Options Premium



Options Premium - Definition


Options Premium is the price of an options contract.

Options Premium - Introduction


What is Options Premium? Is it like an insurance premium? How is does that work in options trading?

Options Premium is one of those terms that are always mentioned in options trading but few people know what it really means. In fact, options premium is one options trading term that has been used to mean very different things by different teachers or education materials and has caused considerable confusion. However, due to the widespread use of the term "Options Premium", options traders must know exactly what it means in order to make sense of the many options lectures or lessons out there.

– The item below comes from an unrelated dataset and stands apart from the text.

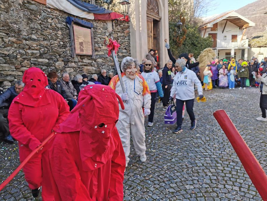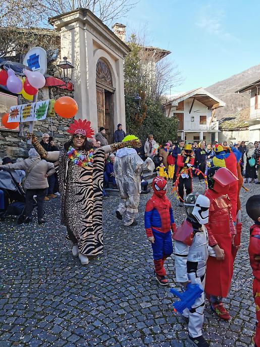 Accanto ai personaggi storici non sono mancate le trovate ironiche e i richiami all’attualità. Un folto gruppo di piccoli “Tic Tac”, ispirati all’iconico astuccio della nota caramella, il tedoforo delle Olimpiadi Milano-Cortina, i bocciatori con la cheerleader, il circo di Mezzenile, il boscaiolo, i supereroi e tanti bimbi hanno rinnovato insieme questo carnevale che è al tempo stesso memoria e presente.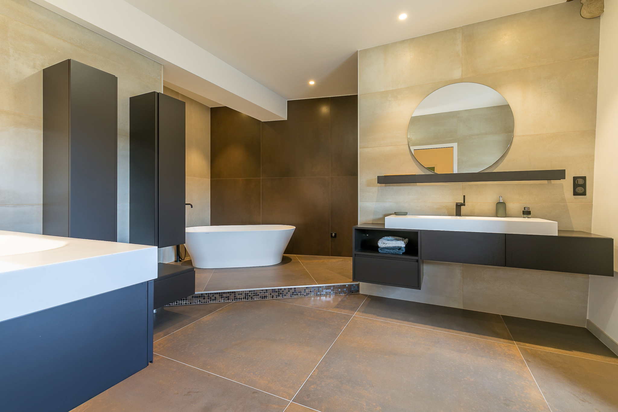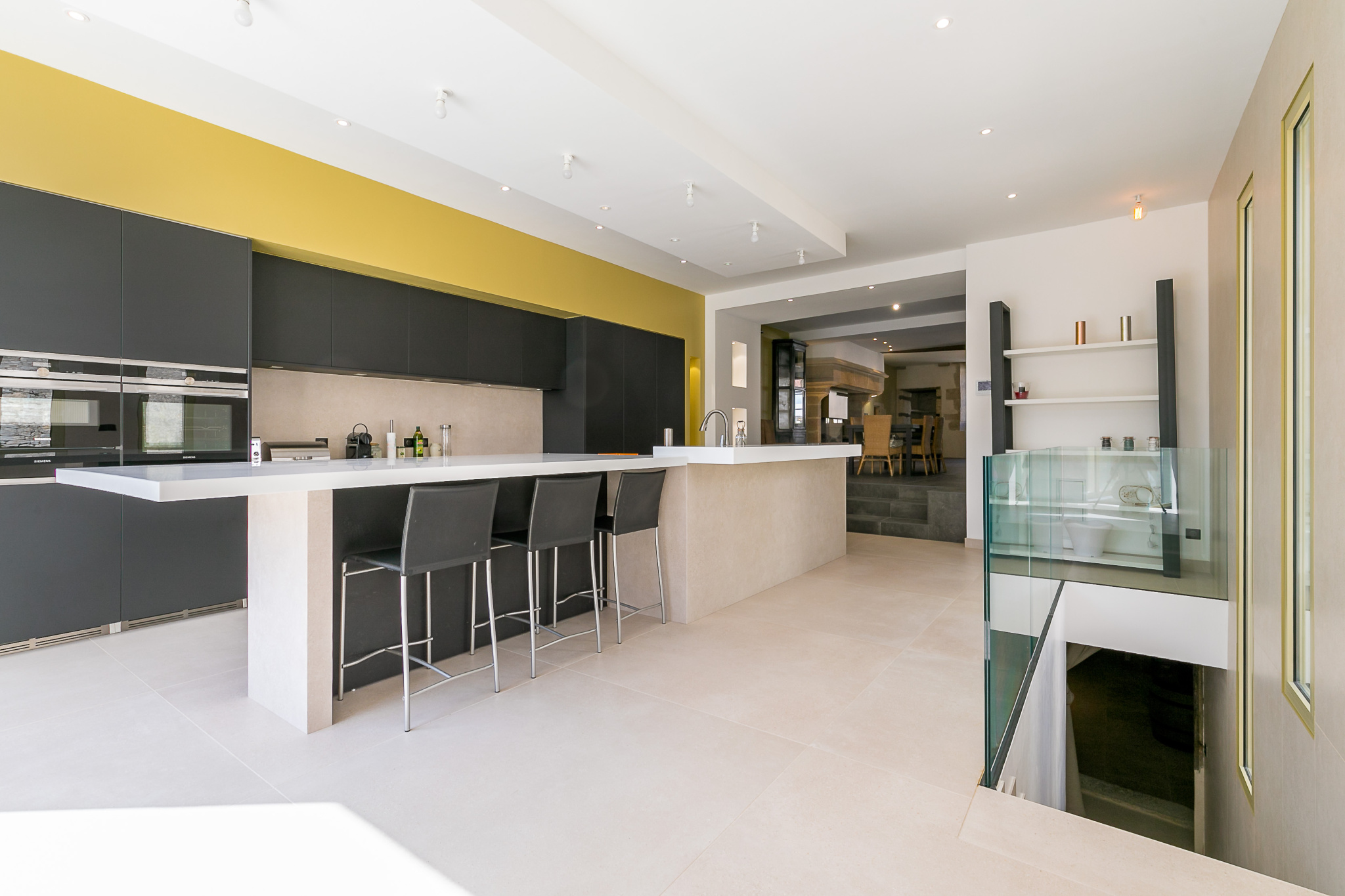 Dont un salon-séjour de 90m2 avec une superbe cheminée ancienne, une cuisine US entièrement équipée avec ilot central donnant sur terrasse, 5 suites parentales avec salles d'eau privatives, un studio, ainsi qu'une chambre supplémentaire.

This tutorial shall explain the different meanings of Options Premium and how it affect your options trading.



What Is Options Premium?


Options premium has been used loosely to refer to the price of an option. Some options guru say you pay "Options Premium" to buy an option and some options guru also say you gain "Options Premium" when you write an option. However, this is exactly where it gets confusing. The pricing of an option is actually made up of two parts; Intrinsic Value and Extrinsic Value (read more about Options Pricing). You pay the whole price of an option when you buy an option but you really only gain the extrinsic value as profit when you write options if the price of the stock remains stable. The term "Options Premium" has been used interchangably by many options experts to refer to the overall price of an option and the "Extrinsic Value" of an option. As such, options premium can mean:

1. The Whole Price of an Option

or

2. Extrinsic Value of an Option


That's right. There is no standardization as to the exact meaning of the term "Options Premium" and you can still hear options experts on TV using the term to mean either one of the above interchangably. This is why it is very important to clarify the meaning of what "Options Premium" mean with the person delivering the options training particularly in the area of options spreads where the distinction between extrinsic value and the whole price of an option is extremely important.

Two Meanings of Options Premium




Options Premium: Whole Price of an Option


When most of the experts on TV talk about the term "Options Premium" in general talks about investment alternatives, they usually mean the whole price of an option. Statements such as "You pay a premium of $X for a call option" or "You pay an options premium to buy an option" usually refers to the whole price of an option. The rationale behind using the term "Options Premium" in this way is in reference to options being like insurance where you pay a "premium" for the coverage. In this context, options premium usually mean the "Asking Price" of an option (read more about Options Prices).

Options Premium as Whole Price of an Option Example



Assuming AAPL is trading at $385 and its November $380 strike price call option is asking at $6.80.

In this case, the options premium of AAPL's November $380 strike price call option is $6.80, referring to the whole price an the option.




Options Premium: Extrinsic Value of an Option


When talking about options pricing, writing options or options strategies, the term "Options Premium" is widely used to refer to the "Extrinsic Value" of an option. Statements such as "You earn the premium when you write an option" or "The premium value decays over time" usually refers to the extrinsic value of an option. The rationale behind using the term "Options Premium" in this way stems from the idea that you pay a "premium" over its intrinsic value, hence extrinsic value is also known as "premium value".

Options Premium as Extrinsic Value of an Option Example



Assuming AAPL is trading at $385 and its November $380 strike price call option is asking at $6.80.

In this case, the options premium of AAPL's November $380 strike price call option is:

$6.80 - ($385 - $380) = $1.80 referring to the extrinsic value.